At first, I started to work on a MessagePack implementation for LuaJIT. I wanted something which satisfies my needs in terms of simplicity, performances, safety, robustness, output stability, flexibility and concurrency. Because the Lua data model is fundamental to my methodology, I considered relevant to invest my time working on an implementation that I can deeply understand, test and optimize.
- Simplicity and performance, e.g. by targeting LuaJIT 2.1 exclusively instead of multiple Lua versions.
- Safety and robustness, e.g. to deal properly with malicious inputs when unpacking. It is especially relevant because LuaJIT exposes powerful low-level abstractions that can be used to improve performances, but could introduce unsafety.
- Output stability. No deterministic guarantees; it is a best effort to facilitate the use of delta compression (e.g. with Fossil).
- Flexibility. E.g. global and per call pack/unpack configuration.
- Concurrency. Concurrent/progressive processing with coroutines.
I wanted to stick with MessagePack to avoid the creation of a new format and to increase interoperability, but I realized that the way I would use MessagePack would not be interoperable; it doesn't sufficiently match the Lua data model and there were simplification and specialization opportunities by designing a format just for Lua(JIT).
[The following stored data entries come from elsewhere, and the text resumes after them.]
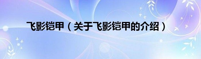 大家好,小安來(lái)為大家解答以上的問(wèn)題。飛影鎧甲,關(guān)于飛影鎧甲的介紹很多人還不知道,現(xiàn)在讓我們一起來(lái)看看吧!
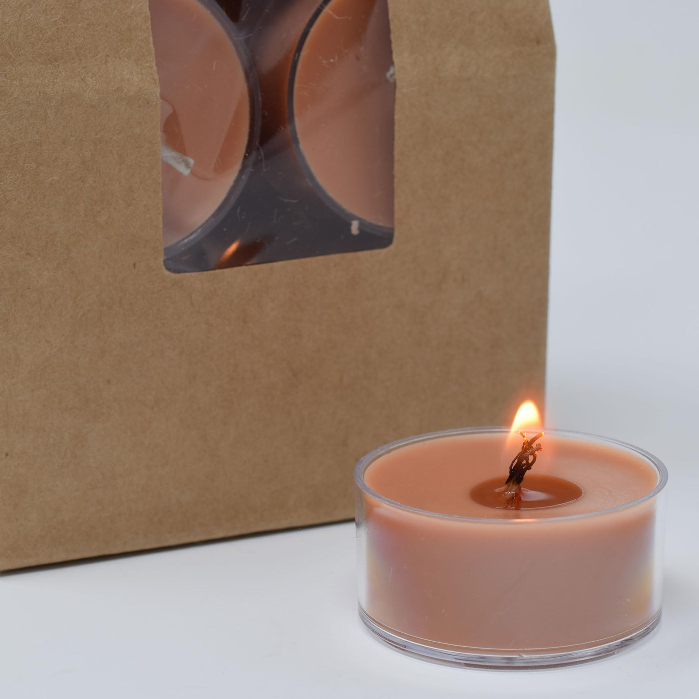 Made with renewable, USA grown soy wax. If you have been looking for an Eco-friendly, healthier alternative to paraffin tea lights, then you are in the right place! Our soy tea light candles are handmade with 100% GMO-free soy wax, a pure cotton wick, and a flame retardant clear tea light cup that allows the beautiful glow of the flame to shine through. Not only do our soy tea light candles burn cleaner than paraffin tea lights, they are also long lasting, with 5-6 hours of burn time per tealight! Our true to life strong scents will help you relax and unwind after a long day, transporting you to faraway places in your imagination and setting the perfect mood for your day. Use them to complement a romantic evening, to add the perfect glow to your bubble bath, or just to enjoy the amazing scent!
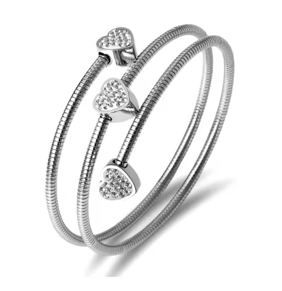 Elevate your look with this elegant heart crystal wire bangle, a refined blend of modern design and romantic detail. Crafted from durable stainless steel, this charm cuff features a delicate wire silhouette accented with a sparkling heart crystal, adding a graceful touch of shine.
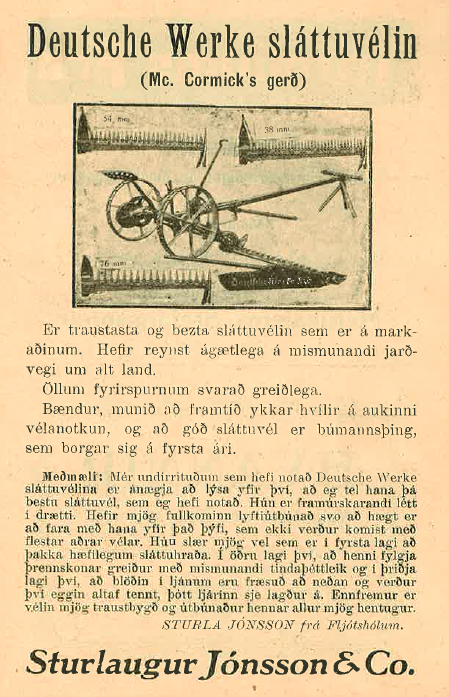 Til enn meira gamans og til að setja þennan texta í samhengi við það tæknistig sem bændu bjuggu við á þessum tíma er í þessari sömu handbók birt auglýsing um bestu sláttuvélina á markaðnum á þessum tíma:
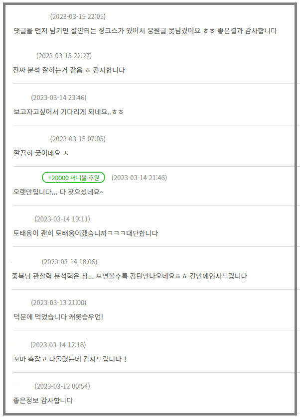 여러분들의 격려와 응원 덕분에 좋은성적을 이어가고 있는거 같습니다.

The LDM format has the following noteworthy advantages:
- Conceptual simplification: the format rests on Lua instead of generalizing to all programming languages.
- Representation of the Lua data model, preserving object identities and references of a directed graph.
- Domain specific compression: string deduplication, external strings.
- Representation of external resources using external dictionaries.
- Support for metatables. They can be used in place of MessagePack extensions.